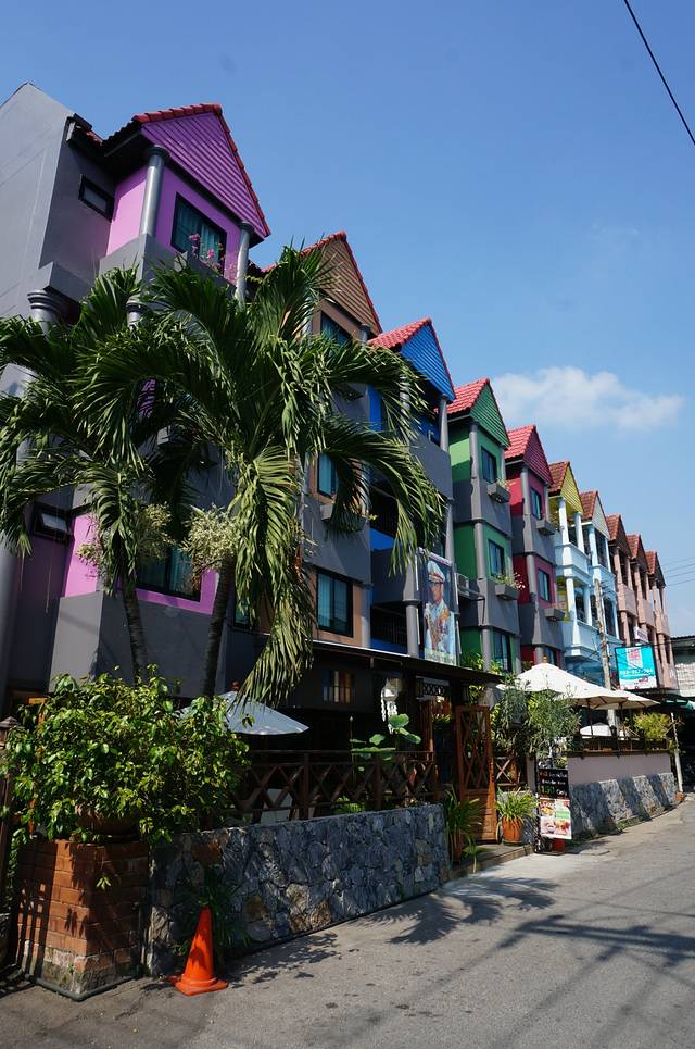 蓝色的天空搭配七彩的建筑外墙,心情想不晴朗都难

==

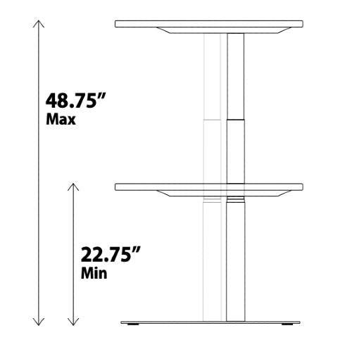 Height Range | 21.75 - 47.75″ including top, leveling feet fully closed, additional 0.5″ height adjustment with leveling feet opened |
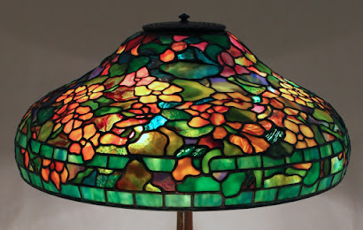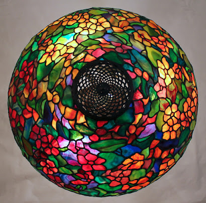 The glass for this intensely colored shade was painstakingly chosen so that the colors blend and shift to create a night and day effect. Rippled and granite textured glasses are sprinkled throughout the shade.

--

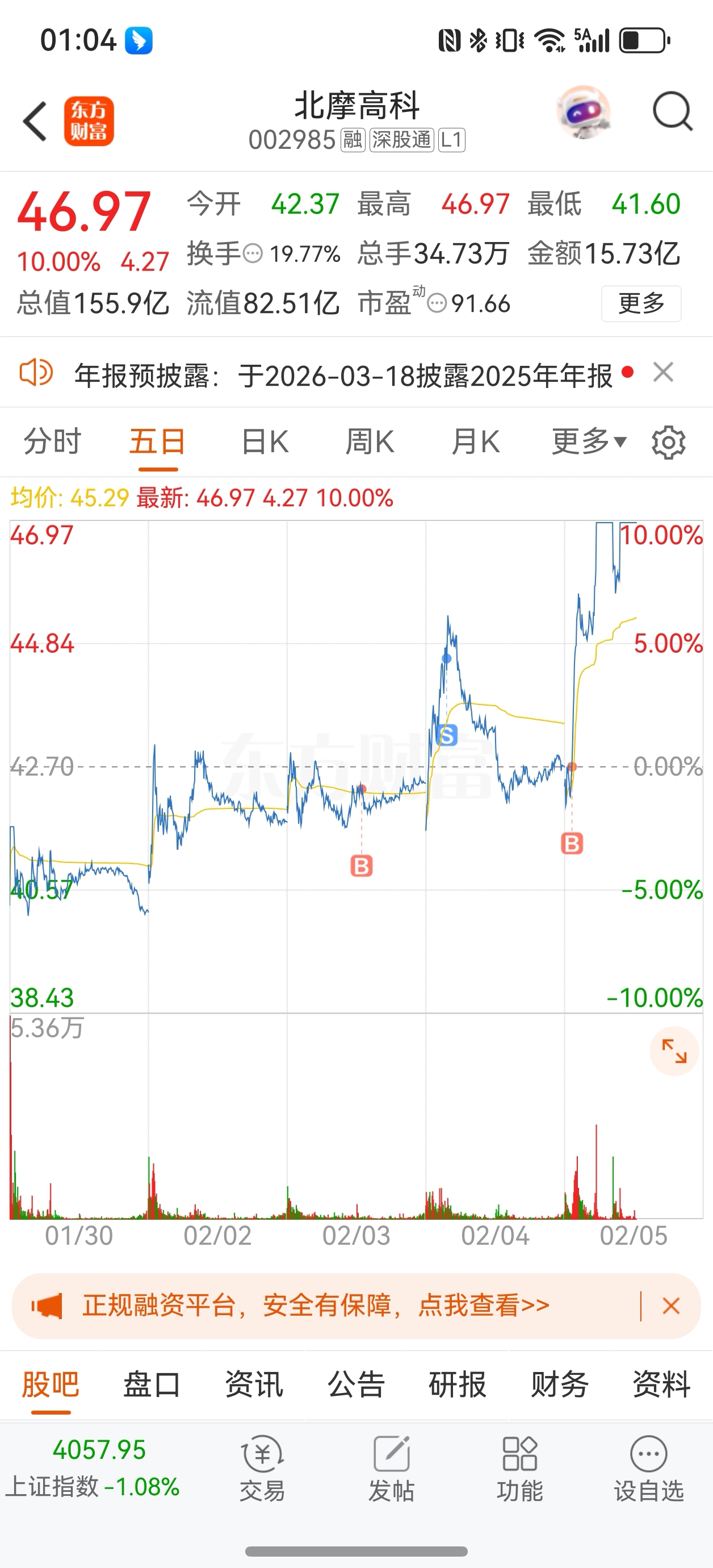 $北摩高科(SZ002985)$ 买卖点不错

## Work request
Everything from the line with "Height Range |" through the line with "The glass for" in the material above should be transcribed exactly, except the pictures.

## Your solution
 Height Range | 21.75 - 47.75″ including top, leveling feet fully closed, additional 0.5″ height adjustment with leveling feet opened |
 The glass for this intensely colored shade was painstakingly chosen so that the colors blend and shift to create a night and day effect. Rippled and granite textured glasses are sprinkled throughout the shade.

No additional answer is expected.